新型肺炎が台湾人にもたらした悪影響は、健康への脅威または旅行のような物理的な移動の不便だけではない。世界中に高まりつつある「中国嫌悪」の感情も、台湾人が直面せざるを得ない挑戦である。フランスの地方紙の「クーリエ・ピカール」(Courrier Picard)には、過去の「黄禍論」(yellow peril)とも連想させる「黄色いアラート」(alerte jaune)との表現が見出しに使われており、[4]「ウォール・ストリート・ジャーナル」(Wall Street Journal)のコラムには、“China Is the Real Sick Man of Asia”という差別的な含みをもったタイトルの文章が堂々と飾っている。[5]それに、差別は、マスコミの嘲笑から物理的な攻撃へとエスカレートし、例えばイタリアを観光中の中国人が地元の人に唾を吐き掛けた事件が起きた。[6]

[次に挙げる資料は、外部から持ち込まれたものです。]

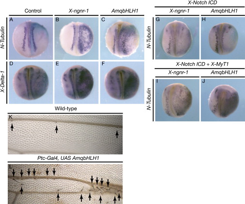 Figure 2. AmqbHLH1 Has Neurogenin-like Proneural Activity in Xenopus and Atonal-like Proneural Activity in Drosophila(AâF) X-ngnr-1 or AmqbHLH1 mRNAs were injected, together with lacZ mRNAs, into one cell of two-cell-stage Xenopus embryos and analyzed by in situ hybridization. Probes are indicated on the left of the pictures. Injections of lacZ mRNA alone were used as controls. Dorsal views of neurula-stage embryos with the injected side on the right visualized by the light-blue staining that corresponds to lacZ expression are shown.(GâJ) Dorsal views of N-Tubulin-labeled neurula-stage embryos that have been injected with X-ngnr-1 (left pictures) or AmqbHLH1 (right pictures) mRNAs in combination with X-NotchICD (G and H) or X-Notch ICD + X-MyT1 (I and J). The injected side is on the right.(KâL) Dorsal views of the central part (vein III-vein IV region) of the wing of wild-type (K) and Ptc-Gal4, UAS-AmqbHLH1 (L) flies. In wild-type, only three sensilla are found on vein III (indicated by arrows in [K]). AmqbHLH1 induces the formation of many sensory organs (indicated by arrows in [L]) as well as abnormal vein/intervein formation (see Figure S7 for more details).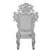 See the extravagant style and classical design all over the Valkyrie Dining Room Collection. Bold, intricate scrollwork accent is highlighted throughout each piece in this collection. Antique Platinum Finish paired with muted gray tone brings attention to its gorgeous details. Rectangular dining table showcases a timeless pedestal-style silhouette while matching chairs feature button-tufted upholstery for lavish comfort. Bring a dramatic change to your home with the Valkyrie Dining Room Collection.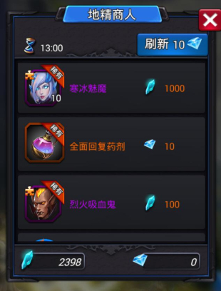 地精商店每1小时自动刷新,随机刷新商店里的道具,初始商店有4个空位,们也通过购买获得更多的商店空位,最多可增加至8个。有时候资源缺的比较急,小编就快速刷新了,消耗很少, 有时候却能起到奇效。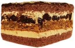 biszkopt orzechowy, masa kawowa, beza, wiśnie, alkohol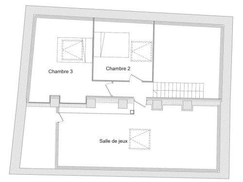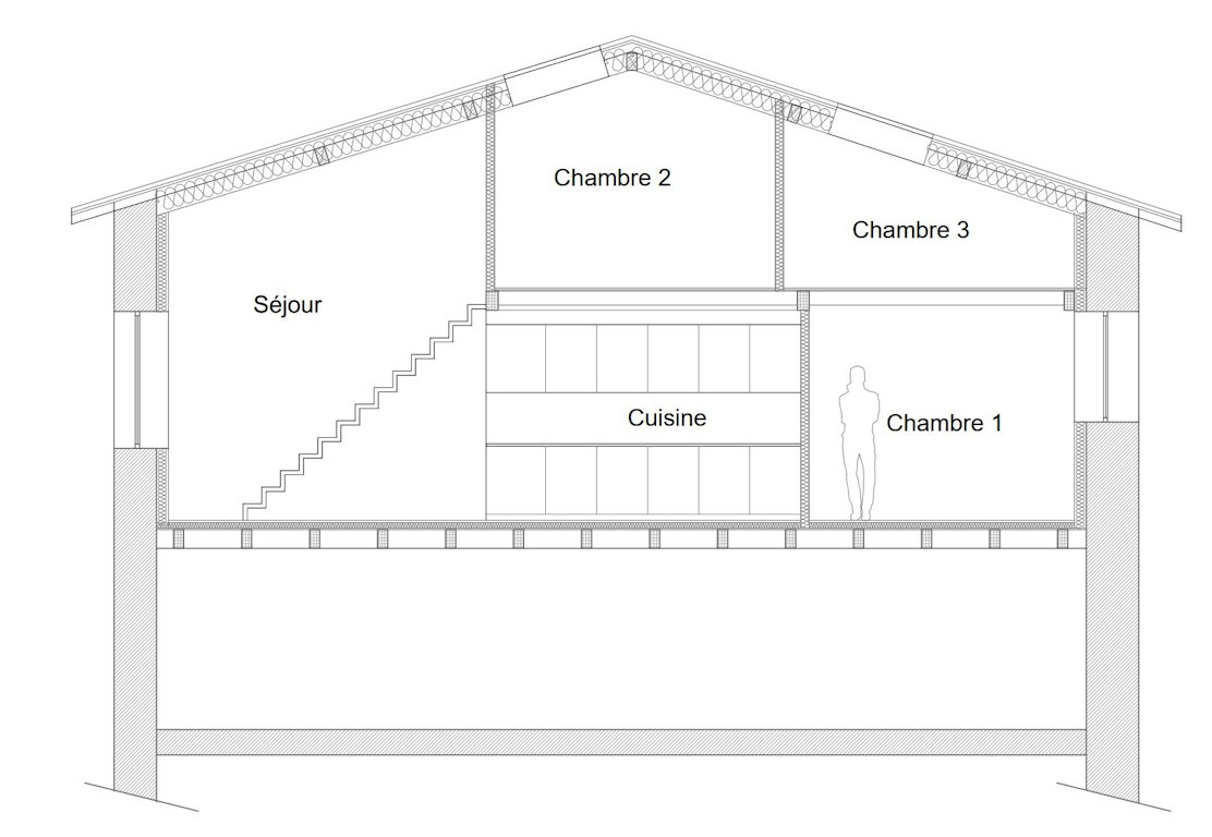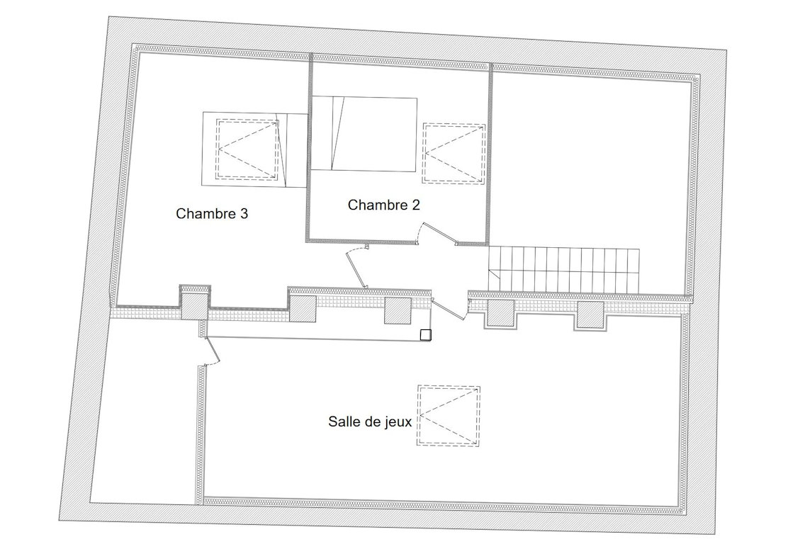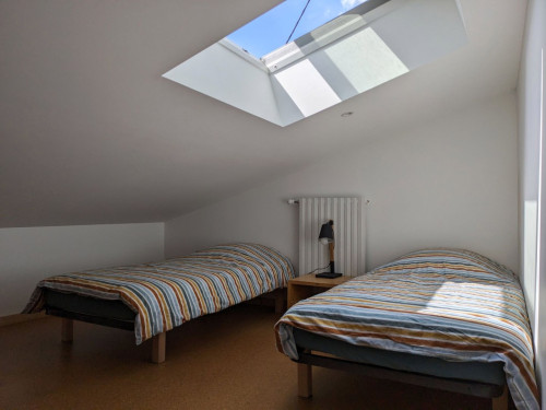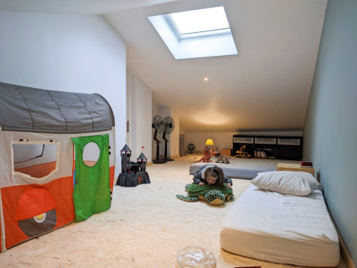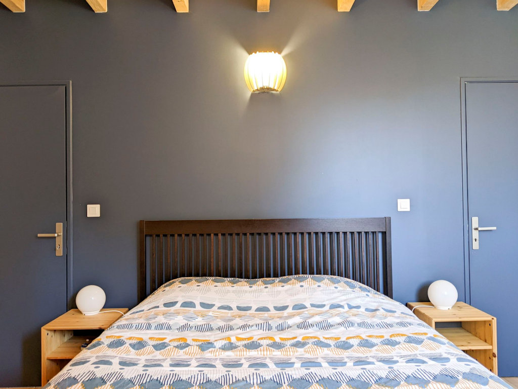 À l’étage, une chambre double (lit 140x200), une chambre avec lits jumeaux (2 lits 90x190 et 1 lit enfant 60x120), et une salle de jeux (accessible de 10h00 à 20h).

こうした中で、台湾人も海外で中国人差別の巻き添えになった。例えば、ロシアの台湾人留学生が公的な場所で罵られたり、殴られたりする事件が発生した。[7]なお、こういった差別事件を受け、海外旅行をする際「私は中国人ではない」と周囲の人が分かるべく、自分の服やリュックや荷物に「I am from Taiwan.」と書いたバッジや貼り紙を付ける、と対策を練った台湾人も出でいる。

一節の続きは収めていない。